= 1876 Parramatta colonial by-election =

By-election in New South Wales, Australia

A by-election was held for the New South Wales Legislative Assembly electorate of Parramatta on 20 April 1876 caused by the resignation of sitting member Hugh Taylor after he was referred to the Committee of Elections and Qualification as to whether he had a position of profit under the crown as a result of the supply of meat by him to Mr Dunn who in turn had a contract to supply meat to government asylums.

==Dates==

| Date | Event |
|---|---|
| 24 February 1876 | Question referred to the Committee of Elections and Qualifications. |
| 22 March 1876 | The Committee of Elections and Qualifications reported that Thomas Brown was disqualified from sitting. |
| 31 March 1876 | Hugh Taylor resigned. |
| 1 April 1876 | Writ of election issued by the Speaker of the Legislative Assembly. |
| 18 April 1876 | Nominations |
| 20 April 1876 | Polling day |
| 25 June 1876 | Return of writ |

==Committee of Elections and Qualifications==
The question of Thomas Brown's eligibility had been referred to the committee on the same day. The Committee found that Thomas Brown was the owner of the Eskbank Colliery, the coal supplied by William Pitt was taken from the Eskbank Colliery and that Thomas Brown had a "direct interest in a contract entered into with the Government by the said William Pitt for the supply of engine coal for the Great Southern and Western Railways" and was therefore disqualified from being a member of the Legislative Assembly.

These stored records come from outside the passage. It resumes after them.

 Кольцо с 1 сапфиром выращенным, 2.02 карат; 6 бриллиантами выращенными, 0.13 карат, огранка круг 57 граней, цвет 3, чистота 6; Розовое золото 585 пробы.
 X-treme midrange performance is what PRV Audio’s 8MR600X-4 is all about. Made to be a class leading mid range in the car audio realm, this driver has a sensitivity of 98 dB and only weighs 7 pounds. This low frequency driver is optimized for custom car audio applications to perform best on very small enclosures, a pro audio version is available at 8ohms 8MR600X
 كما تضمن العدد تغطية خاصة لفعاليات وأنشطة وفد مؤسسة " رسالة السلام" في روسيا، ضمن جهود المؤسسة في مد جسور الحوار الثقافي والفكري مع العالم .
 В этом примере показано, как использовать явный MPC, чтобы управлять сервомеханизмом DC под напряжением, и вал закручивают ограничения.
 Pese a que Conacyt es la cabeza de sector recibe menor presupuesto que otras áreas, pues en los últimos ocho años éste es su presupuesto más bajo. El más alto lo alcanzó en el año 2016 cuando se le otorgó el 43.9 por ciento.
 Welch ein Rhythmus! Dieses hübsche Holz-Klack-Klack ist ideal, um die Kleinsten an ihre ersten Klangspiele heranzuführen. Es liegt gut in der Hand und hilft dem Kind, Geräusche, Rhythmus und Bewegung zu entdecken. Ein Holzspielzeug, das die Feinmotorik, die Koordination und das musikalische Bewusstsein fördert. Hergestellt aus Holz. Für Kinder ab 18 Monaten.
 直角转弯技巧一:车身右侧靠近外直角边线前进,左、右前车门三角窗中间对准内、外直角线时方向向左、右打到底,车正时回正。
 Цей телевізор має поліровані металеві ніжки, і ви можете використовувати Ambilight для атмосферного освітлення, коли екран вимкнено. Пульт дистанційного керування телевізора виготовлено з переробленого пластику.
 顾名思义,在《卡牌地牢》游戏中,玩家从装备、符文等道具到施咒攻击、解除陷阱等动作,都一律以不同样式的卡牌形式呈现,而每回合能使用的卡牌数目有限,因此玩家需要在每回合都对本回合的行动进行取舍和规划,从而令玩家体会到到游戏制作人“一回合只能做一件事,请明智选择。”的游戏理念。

Taylor resigned after the report on Thomas Brown had been tabled, but before the committee had reported on whether he too was disqualified.

==Results==

1876 Parramatta by-election Thursday 20 April
| Candidate |  | Votes | % |
|---|---|---|---|
| Hugh Taylor (elected) |  | 455 | 53.4 |
| George Young |  | 397 | 46.6 |
| Informal votes |  | 852 | 100.0 |
| Informal votes |  | 0 | 0.0 |
| Turnout |  | 852 | 68.7 |

Hugh Taylor resigned because a contract he had may have been an office of profit under the crown.